The last avermectin application was made after samples were collected on day 13 of the experiments. In the mixed culture plantings, the proportion of L. trifolii in the avermectin treatment declined significantly from day 19 to day 49, when the population was only 60.9±4.7% L. trifolii (Figure 1A; t = 4.61, df = 4, P = 0.01). However, in the cowpea monoculture, the proportion of L. trifolii remained at very high levels (97. 1±1.7%) after insecticide applications were discontinued (Figure 1B; comparison of proportions between day 19 and day 49: t = −0.51, df = 4, P = 0.64).
Field population experiments in 2012
The 2012 trials gave similar results to the 2011 trials; however, the initial proportions of L. trifolii were higher in 2012 than in 2011. The overall percentage of L. trifolii in cowpeas at the beginning of the 2012 experiments was 54.9±4.0% in the mixed plantings and 62.6±4.1% in the cowpea monoculture compared with 43.3±3.5% and 44.5±2.9%, respectively at the beginning of the 2011 experiments. The overall percentage of L. trifolii in towel gourd plots was 40.0±6.9% in 2012 compared with 34.7±5.5% in 2011.
In 2012, the use of avermectin led to significant increases over time in the proportions of L. trifolii in cowpea (Figures 2A and 2B). In mixed plantings of cowpea and towel gourd, there was a significant treatment x time interaction demonstrating that the composition of populations changed with continued insecticide applications (F = 9.23, df = 3, 16, P = 0.0009). There was a significant linear increase in the mean percentage of L. trifolii in the cowpea plots that were treated with avermectin, as the percentage in these plot went from 54.2±5.9% on day 1 to 96.6±2.4% on day 19 (test for linear increase: t = 4.74, df = 16, P = 0.0002). In the untreated cowpea plots, the initial percentage of L. trifolii was 55.6±5.9%, with all other leafminers being L. sativae. This percentage was not significantly different from that in the avermectin treated plots on day 1 (P = 0.87). However, there was no significant change in the proportion of L. trifolii over time in the untreated cowpea plots (Figure 3; test for linear change in proportion of L. trifolii: t = −1.14, P = 0.27). The percentage of L. trifolii in the towel gourd plots ranged from 30–40% over the entire trial (F = 0.92, df = 8, 18, P = 0.52).
Figure 2. Liriomyza species composition during 2012.

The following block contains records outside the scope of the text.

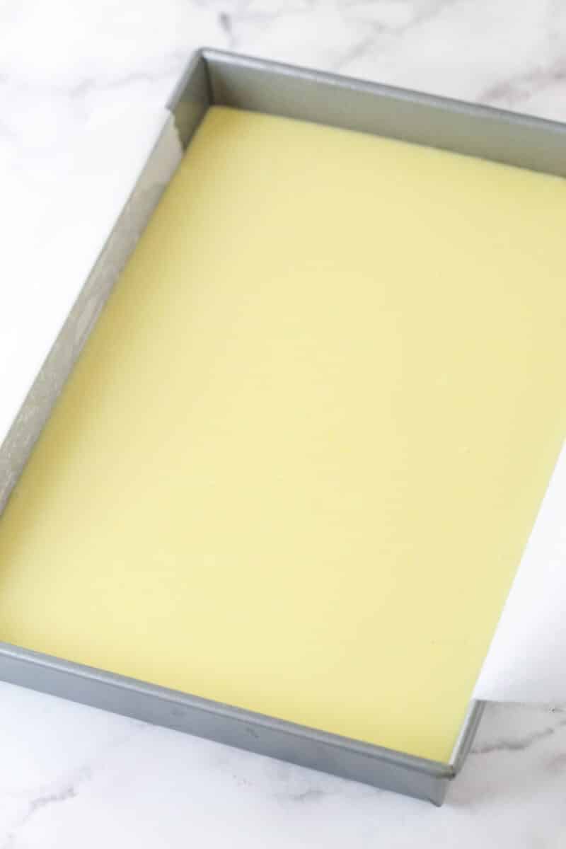 To start, you’ll want to preheat your oven to 350°F, spray a 9×13-inch cake pan with non-stick, and line it with parchment paper that hangs over the sides.
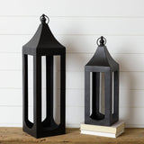 Beautiful black metal lanterns (28" & 22" tall) perfect for outdoor patios, gardens, or indoor décor. Durable construction with timeless elegance.
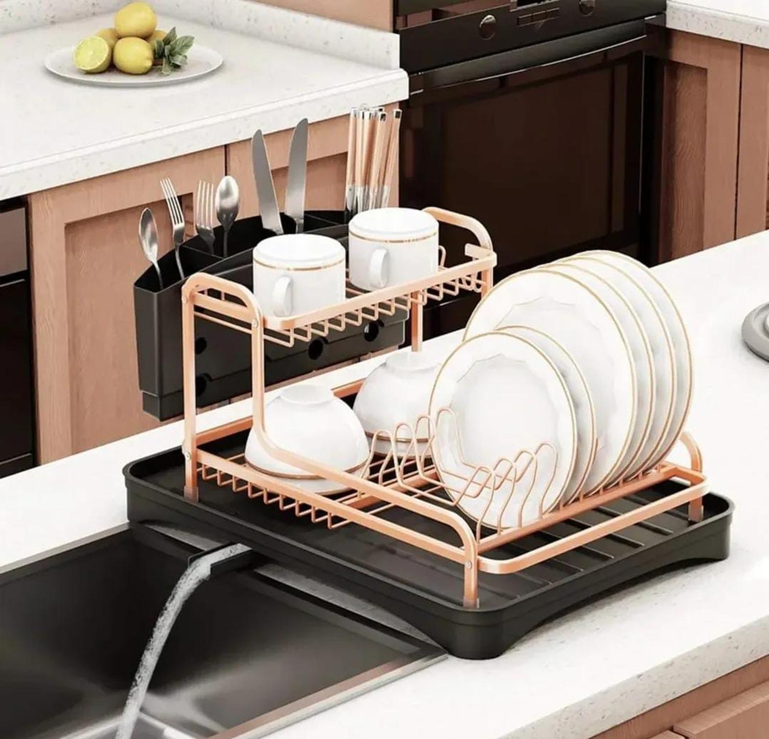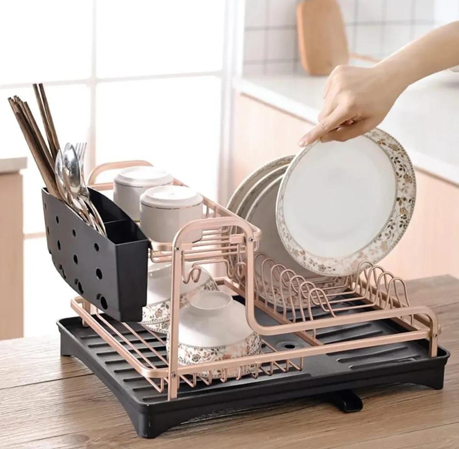 A sleek gold aluminum kitchen dish drying rack designed to neatly organize plates, cutlery, and utensils while allowing water to drain efficiently.

(A) mixed cropping systems of avermectin-treated and untreated cowpea, and adjoining plantings of towel gourd (Luffa cylindrica), and (B) plantings of cowpea that were treated with avermectin or were untreated controls. Avermectin treatments were made on days 1, 7, and 13 of the experiment following Liriomyza sample collections. Data points represent means ± SEM.
Figure 3. Map showing field sites in Hainan Province and Guangdong Province where cowpeas (Vigna uniguilata) were surveyed for Liriomyza species during 2011.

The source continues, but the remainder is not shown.